What happened: The initial upload (2026-04-15) used ignore=["lm_head"] in the llm-compressor recipe, which meant the 62 MoE routers (block_sparse_moe.gate) got quantized along with the expert weights. vLLM's MiniMax-M2 loader expects an unquantized ReplicatedLinear router and fails at engine-init with:

KeyError: 'layers.0.block_sparse_moe.gate.weight_scale'       # FP8
KeyError: 'layers.0.block_sparse_moe.gate.input_global_scale' # NVFP4

This is a hard load failure — the engine never initializes, so no tokens are generated. (The earlier "degraded output" framing understated the severity.)

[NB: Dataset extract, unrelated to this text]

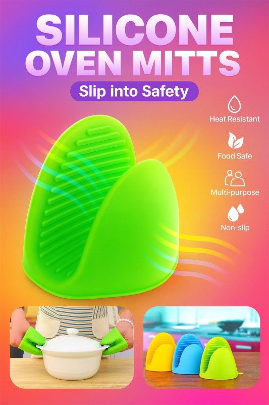 Bring safety and style into your kitchen with these Premium Silicone Oven Mitts! ? Designed to protect your hands from hot pots, pans, and baking trays, these mitts are heat-resistant, food-safe, and non-slip. Their flexible silicone grip makes handling cookware effortless, while the colorful, modern design brightens up your kitchen. Perfect for baking, cooking, grilling, or even handling frozen items – these oven mitts are a must-have multipurpose tool for every home chef. Slip them on and cook with confidence! ??✨
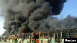 خبرگزاری رویترز به نقل از تلویزیون دولتی سوریه و دیده‌بان حقوق بشر سوریه گزارش داد که چندین اتوبوس و آمبولانس اعزامی برای تخلیه ساکنان دو روستای کفریا و الفوعه در ورودی این دو روستا در استان ادلب که تحت کنترل شورشیان قرار دارد، به آتش کشیده شده‌اند.

Root cause: Missing MoE-aware entries in the llm-compressor ignore list. The correct pattern (per saricles/MiniMax-M2.5-REAP-139B-A10B-NVFP4-GB10):

ignore = [
    "lm_head",
    "model.embed_tokens",
    r"re:.*block_sparse_moe\.gate$",
]

Fix: This variant was re-rolled 2026-04-16 with the corrected recipe. quantization_config.ignore now lists all 62 per-layer router gates alongside lm_head.

Verification: config.json on this repo now contains 62 model.layers.N.block_sparse_moe.gate entries in the ignore list. Loaders should open the model without the KeyError above.

Credit: Thanks to the community user who reported this first on the NVFP4-GB10 DGX Spark load. The saricles reference repo was invaluable for confirming the exact pattern.

Unaffected variants (no re-roll needed): BF16 safetensors, all GGUF quantizations.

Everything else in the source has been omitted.